May 14, 2005
Where will you be on April 13, 2029?
That's the day asteroid 2004 MN4, a 1,000–foot–wide stone missile, will make a relatively close pass to our planet, coming within 15,000 to 25,000 miles of our home at very high speed.
For reference, that's about one–tenth of the distance between the Earth and the moon.
The asteroid was first spotted last June, 106 million miles from Earth.
In December a second sighting, when the asteroid was 9 million miles away, allowed astronomers to refine their calculations of the future course of the asteroid.
What they discovered was not reassuring: impact probability in 2029 was estimated at 1 in 38, disturbingly high.
When this was announced, a major recalculation of the asteroids earlier position was undertaken, and more refined and precise plotting of its course resulted in impact on April 13, 2029 being ruled out.
Asteroid 2004 MN is considered a "regional" hazard: big enough to flatten the state of Texas or several European countries with an impact equivalent to 10,000 megatons of dynamite — more than all the nuclear weapons of the world combined.
So things look OK as far as 2029 goes.
But who knows, really?
Here's Guy Gugliotta's fascinating story about the asteroid, from the April 9 Washington Post.
- Science's Doomsday Team vs. the Asteroids
Astronomer David Tholen spotted it last year in the early evening of June 19, using the University of Arizona's Bok telescope.
It was a new "near-Earth object," a fugitive asteroid wandering through space to pass close to Earth.
Tholen's team took three pictures that night and three the next night, but storm clouds and the moon blocked further observations.

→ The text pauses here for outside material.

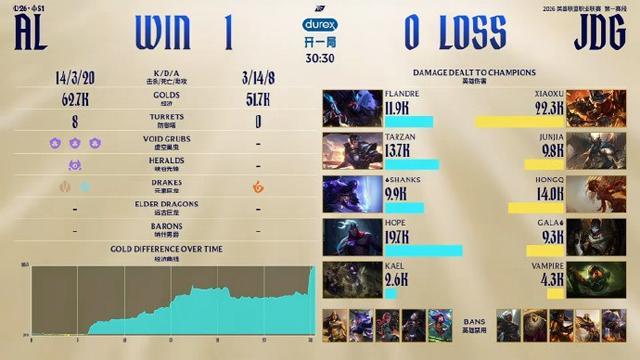 前期Tarzan赵信击杀Junjia潘森拿下一血,AL在打野位上的领先非常大,接下来几波团战Flandre的挖掘机在团战中都精准地找到了JDG的双C,虽然Tarzan浪了一波但还是无伤大雅,AL拿下第一局的胜利!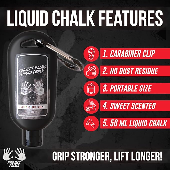 - Mess-Free & Fast-Drying: Project Palms liquid chalk dries quickly on contact, keeping hands steady without the mess of powder chalk. Ideal for clean, efficient workouts, this formula minimizes dust while providing a reliable hold to keep you focused.

They reported their fixes to the Minor Planet Center in Cambridge, Mass., and moved on.
Six months later, Tholen's object was spotted again in Australia as asteroid "2004 MN4."
In the space of five days straddling Christmas, startled astronomers refined their calculations as the probability of the 1,000-foot-wide stone missile hitting Earth rose from one chance in 170 to one in 38.

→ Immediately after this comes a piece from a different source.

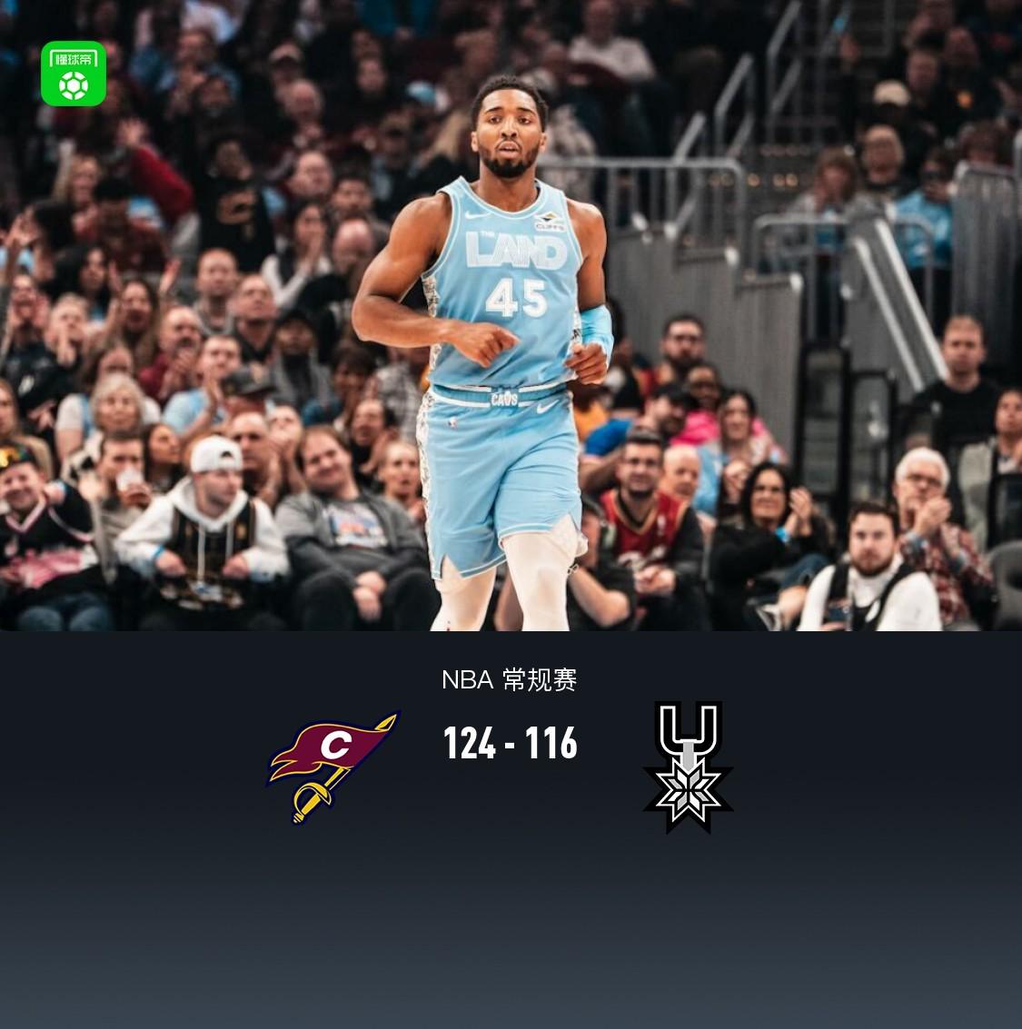 第四节骑士艾伦拿下19分,马刺斯蒂芬-卡斯尔拿下10分,最终骑士124-116战胜马刺

They had never measured anything as potentially dangerous to Earth.
Impact would come on Friday the 13th in April 2029.
The holidays and the tsunami in South Asia pushed 2004 MN4 out of the news, and in the meantime additional observations showed that the asteroid would miss, but only by 15,000 to 25,000 miles -- about one-tenth the distance to the moon.
Asteroid 2004 MN4 was no false alarm.
Instead, it has provided the world with the best evidence yet that a catastrophic encounter with a rogue visitor from space is not only possible but probably inevitable.
It also demonstrated the tenacity of the small band of professionals and amateurs who track potential impact asteroids, and highlighted the shortcomings of an international system that pays scant attention to their work.
"I used to say the total number of people interested in this was no more than one shift at a McDonald's restaurant," said David Morrison, an astronomer at NASA's Ames Research Center and a student of near-Earth objects for nearly three decades.
"Now it's maybe two shifts."
Awareness of the apocalyptic potential of near-Earth objects has been slow to develop.
It took years for Nobel laureate Luis Alvarez and his son Walter to win acceptance for their 1980 research showing that a near-Earth object impact quite likely caused the extinction of the dinosaurs 65 million years ago.
"The human brain wouldn't grasp reality until it had somewhat more direct evidence," said Colorado-based planetary scientist Clark R. Chapman of the Southwest Research Institute, another longtime expert on near-Earth objects.
"Alvarez provided that."
The vast majority of near-Earth objects are asteroids -- huge rocks or chunks of iron that travel around the sun in eccentric orbits that cross Earth's path periodically.
The rest are comets -- ancient piles of dust, stones and ice that come in from the edges of the solar system.
"The good news is that comets represent 1 percent of the danger," said Donald K. Yeomans, who manages NASA's Near-Earth Object Program at the Jet Propulsion Laboratory.
"The bad news is that should we find one, there's not a lot we can do about it. . . . We detect them only nine months from impact."
Asteroids, by contrast, generally offer decades or even centuries of warning -- unless they are too small to detect, in which case there is no warning at all.
But today's technology enables astronomers to get a fix on any asteroid capable of causing a global "extinction event" -- six miles in diameter or bigger.
Asteroid 2004 MN4 is a "regional" hazard -- big enough to flatten Texas or a couple of European countries with an impact equivalent to 10,000 megatons of dynamite -- more than all the nuclear weapons in the world.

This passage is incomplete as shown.